Take a look at all the services yahoo offers.

Has anyone ever sent you a "Yahoo Video" link? I didn't even know it existed
until just now. And the prominent video on the main page is "Jazz for Cows"
_which I can't get a direct link for to paste here_. Yahoo only offers me the
option to embed it. It's fun enough I want to send it to my friend who plays
in a local orchestra, but Yahoo is not concerned with the organic spread of
links. <http://video.yahoo.com/>

It isn't just youtube Yahoo competes poorly with. Craigslist, Gmail, ESPN,
every news site on the internet.

Just take a look at their "security" offering <http://security.yahoo.com/>

Paragraphs of copywriting but no product to download or install. Click
"Protect your PC" it's just more words. Lots of words. Someone at Yahoo took
the time to create this page _for what purpose?_ There is no direction
whatsoever.

Their primary search function is powered by Bing now too.
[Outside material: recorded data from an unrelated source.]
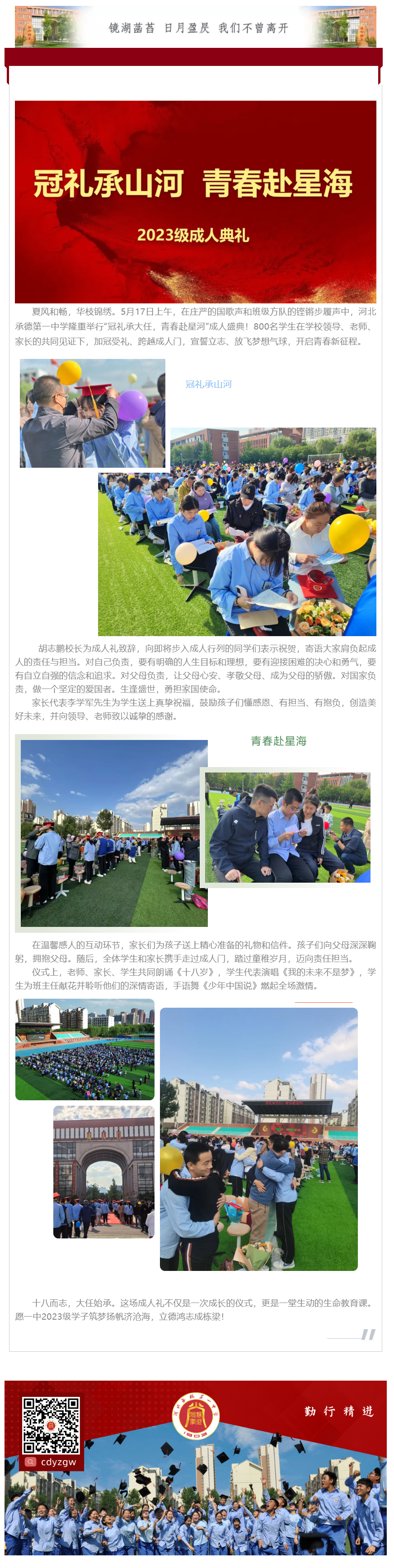冠禮承山河 青春赴星海 河北承德第一中學隆重舉行2023級成人禮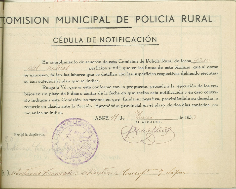 Actas y antecedentes de la Comisión de la Policía Rural, 1933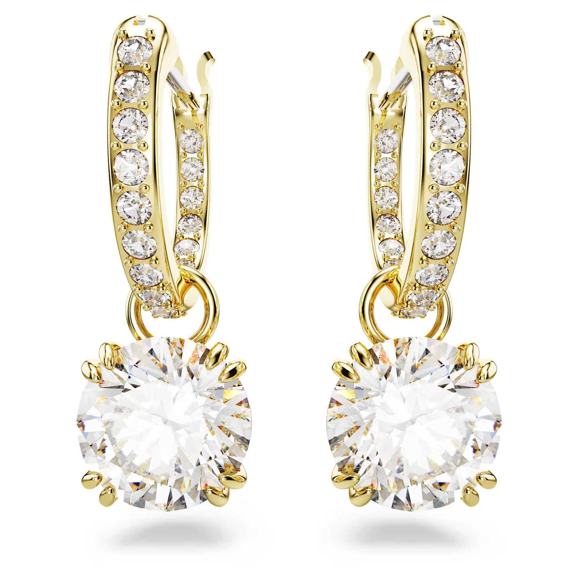 These mesmerizing drop earrings from the Stilla family have wear-forever power. Striking the balance between dramatic and refined, dazzling centre stones are enhanced with pavé on the gallery and hoops, which are set with gold-tone plating. Wear them with your hair tucked to really let them shine.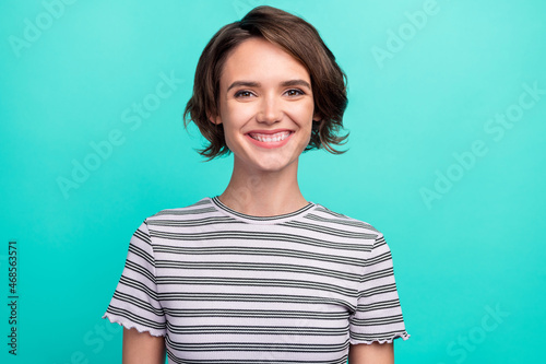 Photo of young happy pretty cheerful woman smile wear casual t--shirt isolated on teal color background
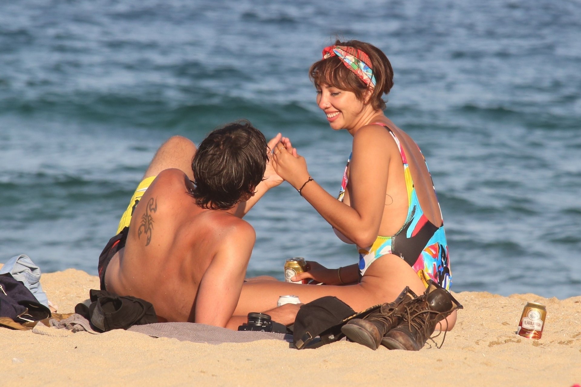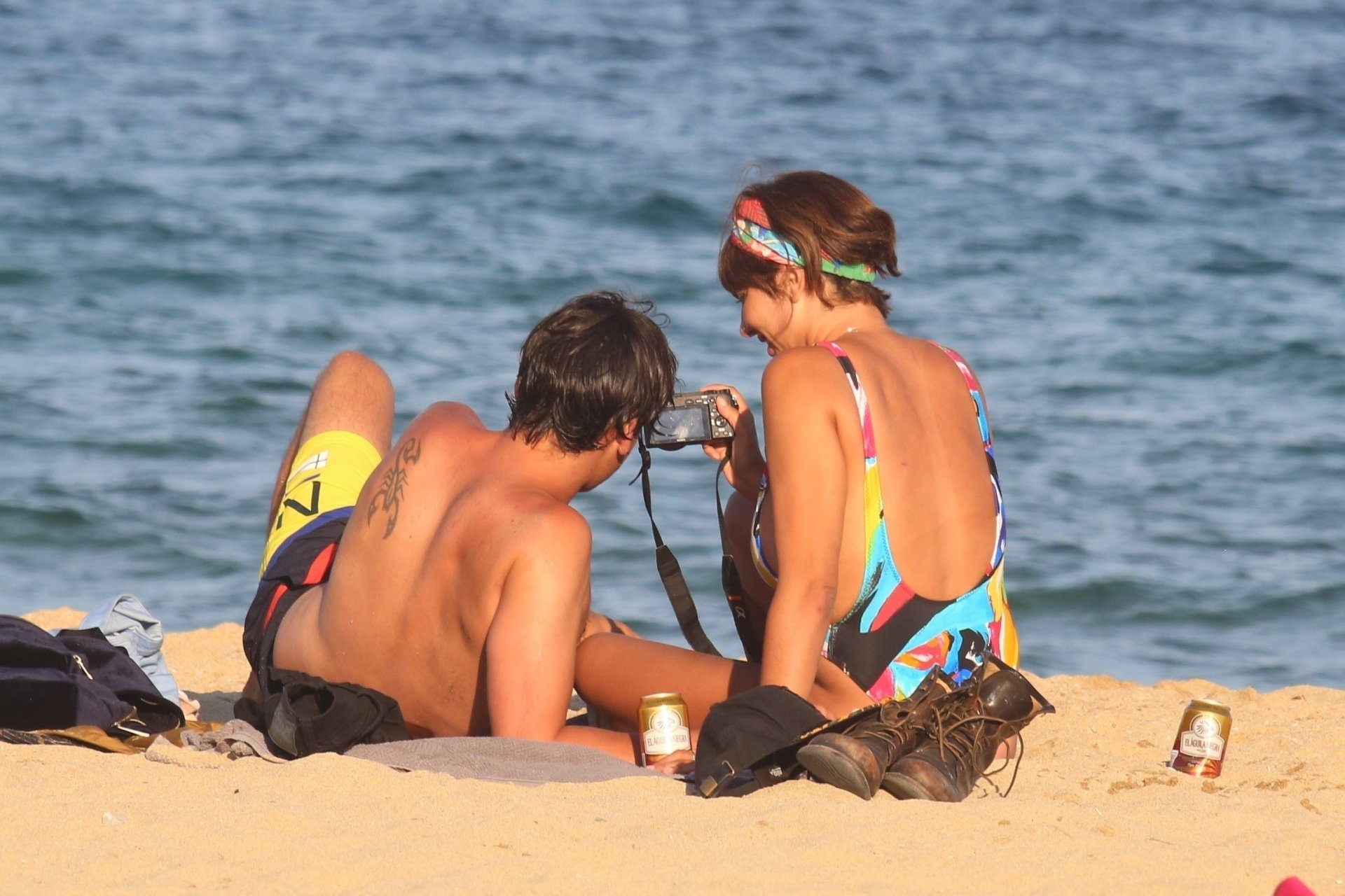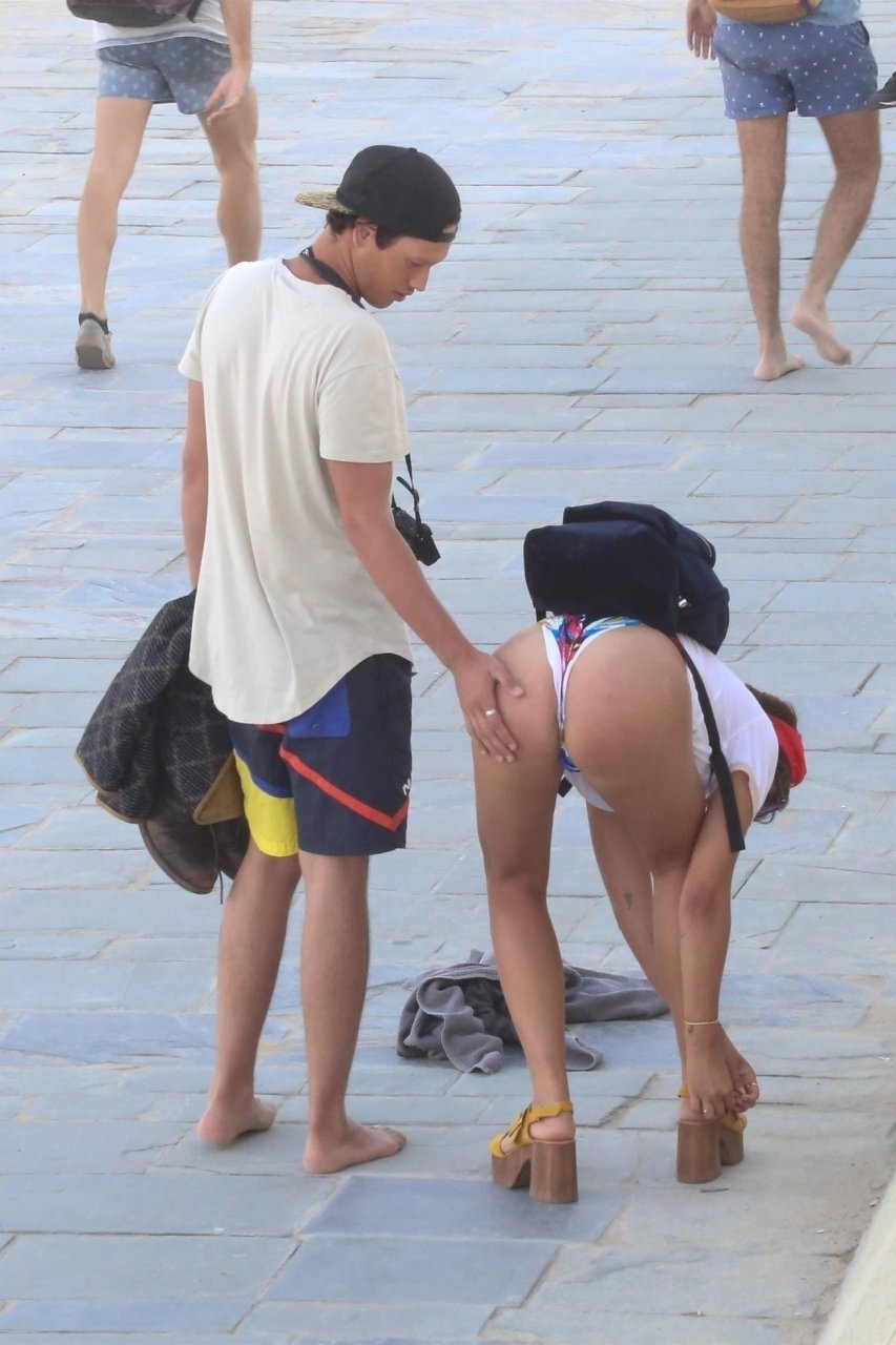 Je la trouve sexy mais pas cette fois, ce maillot de bain n'est pas un bon choix. Ses seins sont exposés car ils sont tombants, et ses fesses ne sont pas faites pour un string, trop de cellulite.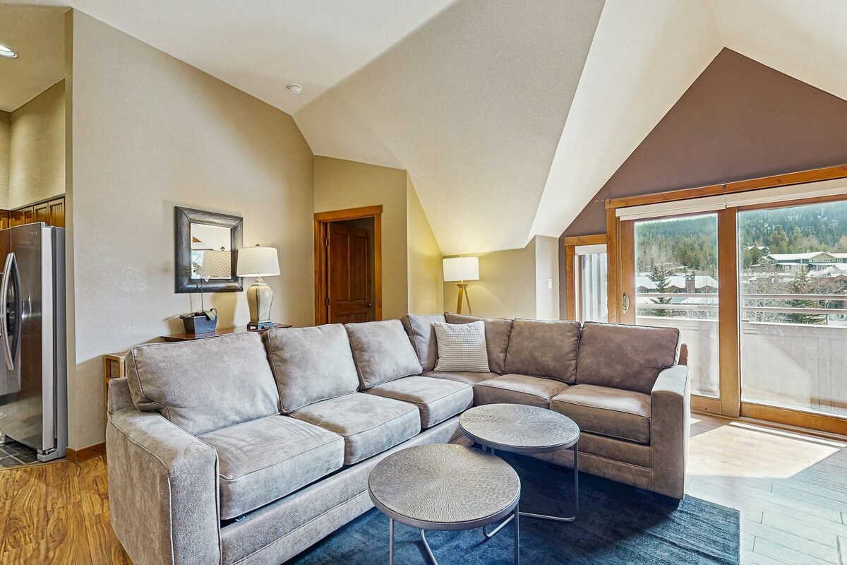 Enjoy an in-town location with Peak 9 base area and Main Street short walks across the street. Fully updated and comfortable. HUGE private patio. Master features a king and bunk bed with attached bathroom The guest room has a queen bed and adjacent bathroom. The kitchen is open to the dining area and living room with sofa bed & gas fireplace. Dedicated space in garage. Columbine Pool access seasonally. Bathrooms completely renovated and brand new living room furniture installed summer 2025.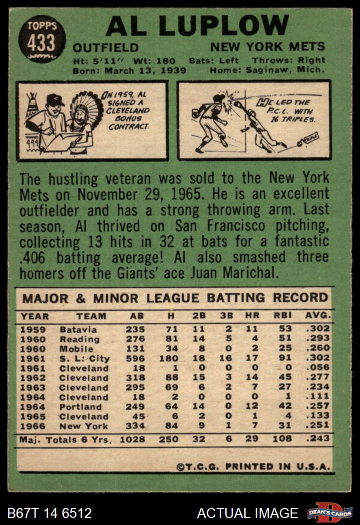 1967 Topps #433 Al Luplow 3 - VG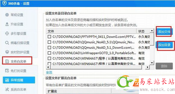 第二步、在360殺毒設置窗口中,選擇文件白名單,根據(jù)需要點擊右側的【添加文件】或者【添加目錄】進行添加,最后點擊確定即可。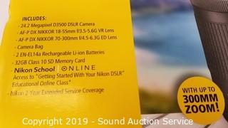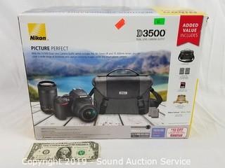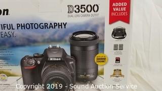 Lot #0083: New Nikon D3500 Duel Lens Camera Outfit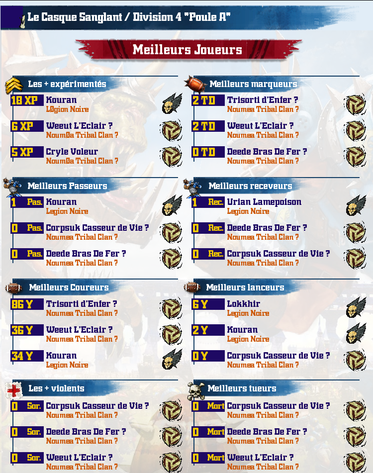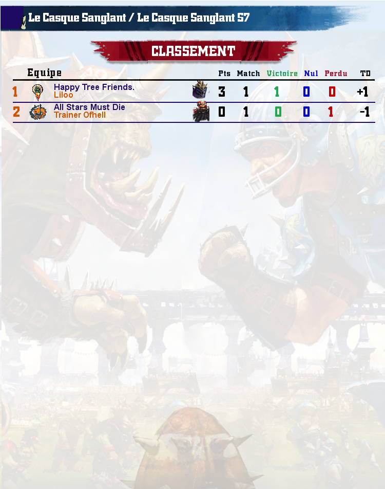 Communauté des joueurs francophones jouant au jeu Blood Bowl 2. Organisateur de l'Open de la Ligue Française 2, Championnat de la LFBB et de Coupes de Blood Bowl. Pour participer, échanger, partager de bons moments, inscrivez-vous !! www.ligue-bloodbowl.fr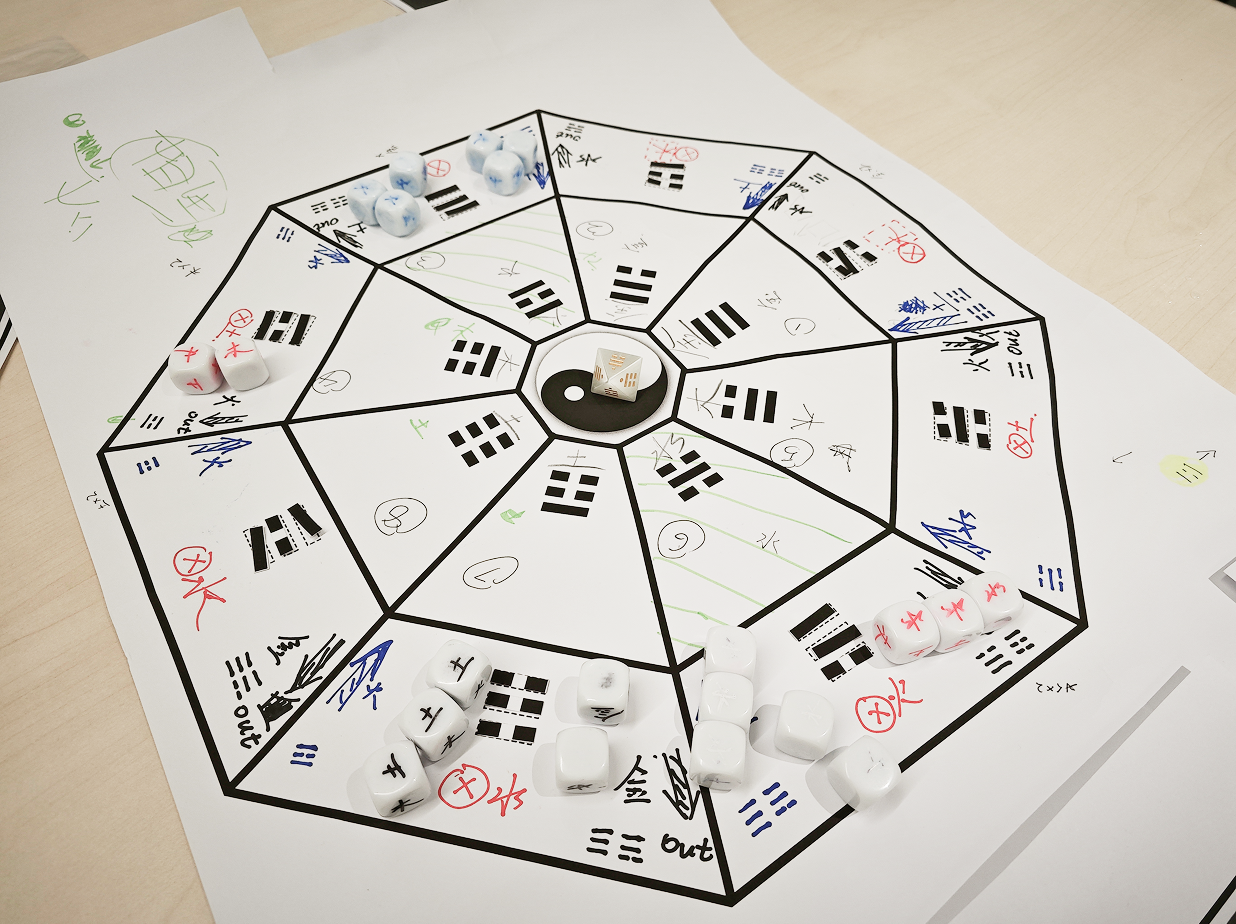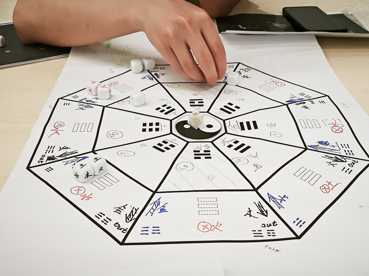 At the same time, players are prevented from placing dice directly in the Earlier Heaven Bagua to avoid confrontation and competition. However, through the energy flow generated by the generative relationships among trigrams, dice can move from the Later Heaven region to the Earlier Heaven region or be pushed off the board, losing points. This encourages players to focus more on building the Later Heaven Bagua.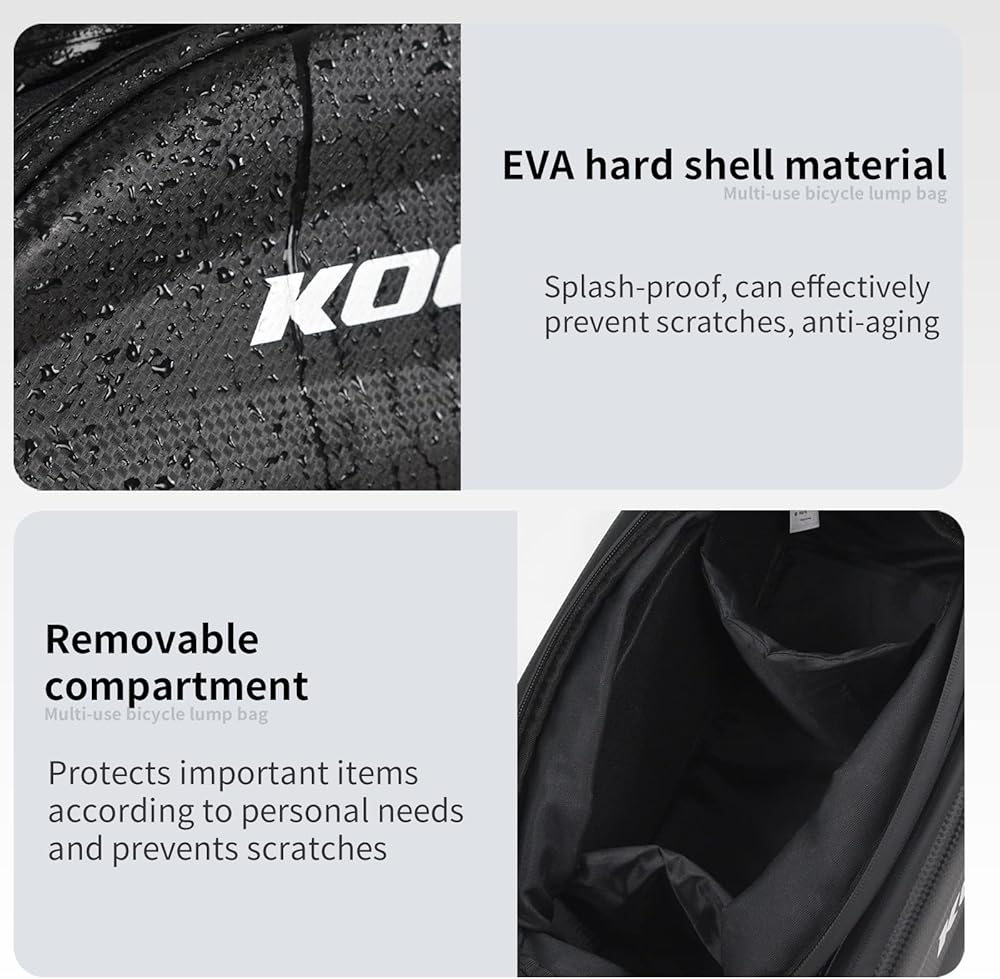 • 【تصميم إنساني】: تحافظ الحجرة الرئيسية لسلال الدراجات على الكاميرا أو الهاتف منفصلاً عن العناصر الحادة الأخرى مثل المفاتيح أو أدوات الدراجة. والأكثر من ذلك، فإن الحجرة الرئيسية مبطنة في كل مكان لحماية مقتنياتك بشكل جيد. جيب زجاجة المياه الموجود في الخلف مع تصميم برباط قابل للتعديل مفيد لتجنب سقوط زجاجة المياه أثناء الرحلة الوعرة.

About the only near-
market leader Yahoo controls is Flickr and that's only because pros like it
over Facebook.

Yahoo! became the bitbucket to store second rate implementations of every idea
the internet has ever had, and they aren't cutting the cruft loose, or
differentiating on the products that are quality.

In fact, take a look at their mobile offering.
[http://m.yahoo.com/w/sports/ncaaf/teams/ncaaf.i-a.2?.ts=1316...](http://m.yahoo.com/w/sports/ncaaf/teams/ncaaf.i-a.2?.ts=1316199330&.intl=us&.lang=en)

That's the Big East Team list for College Football. It's not standings. It
doesn't show records. Some project manager at Yahoo accessed the mobile sports
site and either didn't care enough to say "Why can't I see the standings?" or
didn't know enough about sports to care about standings. Why does Yahoo! have
someone like that in charge of the mobile sports division (If they even have
someone in a leadership position anywhere close to such a segment). Someone
thought displaying 8 teams in alphabetical order was good usability.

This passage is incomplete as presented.